Streep sings the song for all it's worth, making about as persuasive case as one can for the epiphanies tucked within. But catchy melody and dramatic impact aside -- at least in the moments the singer is performing it -- what is the song's worth? The song continues to baffle me, my confusion is very much tied to the points you carefully parse.
The Witch is powerless, trying to survive, wanting to hand over Jack. Then as they hurl accusations at one another about the source of the devastation, to nail ultimate responsibility, she quiets them and tells them not only what's wrong with their thinking but why she exists in their lives and even in the story ("I'm the witch, I'm the hitch," etc.) She isn't more personally threatened by the immediate events than she was, say 20 minutes ago, yet out of the blue calls on her mother, fate, the Gods, someone, to rescue her -- or kill her? If the ground swallows her -- and she fell through the floor on B'way -- where the hell, literally, does she go? And why then? Is this the only solution to flee the Giant -- suicide? If it's the last midnight, the llth hour in the escalating catastrophe, why is her only option ... death? Or spiritual transformation to the underworld?
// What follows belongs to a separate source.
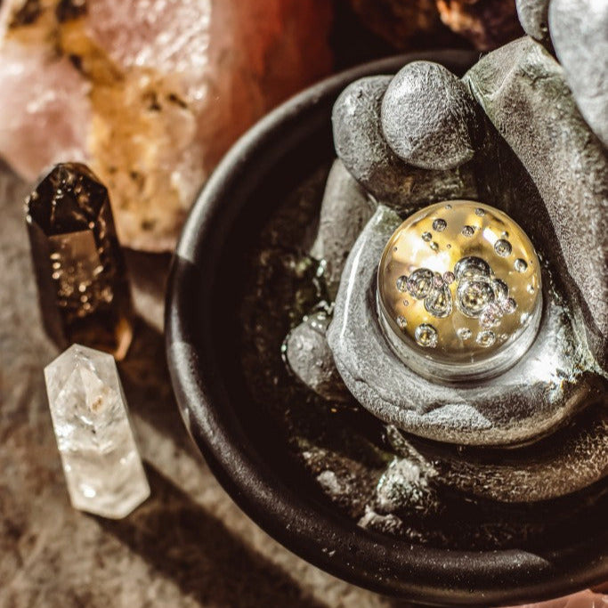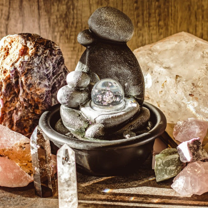 Stacked Rockfall Sensory Indoor Water Feature with Spinning Glass Ball | Soothing Ambiance & Modern Design
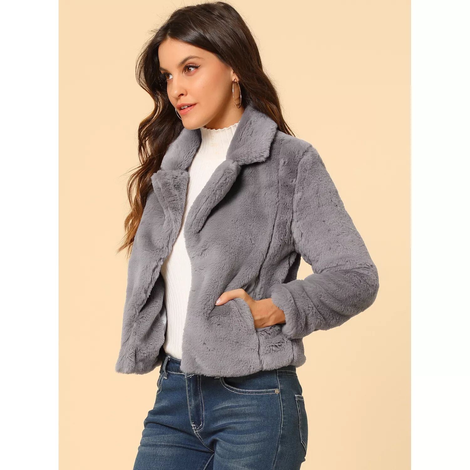 Женская зимняя модная свободная укороченная куртка из искусственного меха, пальто ALLEGRA K, белый

The film offers no new insights, and the effects that engulf the Streep Witch more or less obfuscate the story point. We're too awed by the tornado of dirt that eats our star alive, we don't ponder where she is (where she can still sing "Children Will Listen.") I'd love to hear a director explain the sequence to an actor playing the Witch, to simply articulate what the pragmatic goal of the song is. What its action is. I can of course make suppositions and speculations. But nothing I come up with necessarily explains what takes place before us on stage or screen.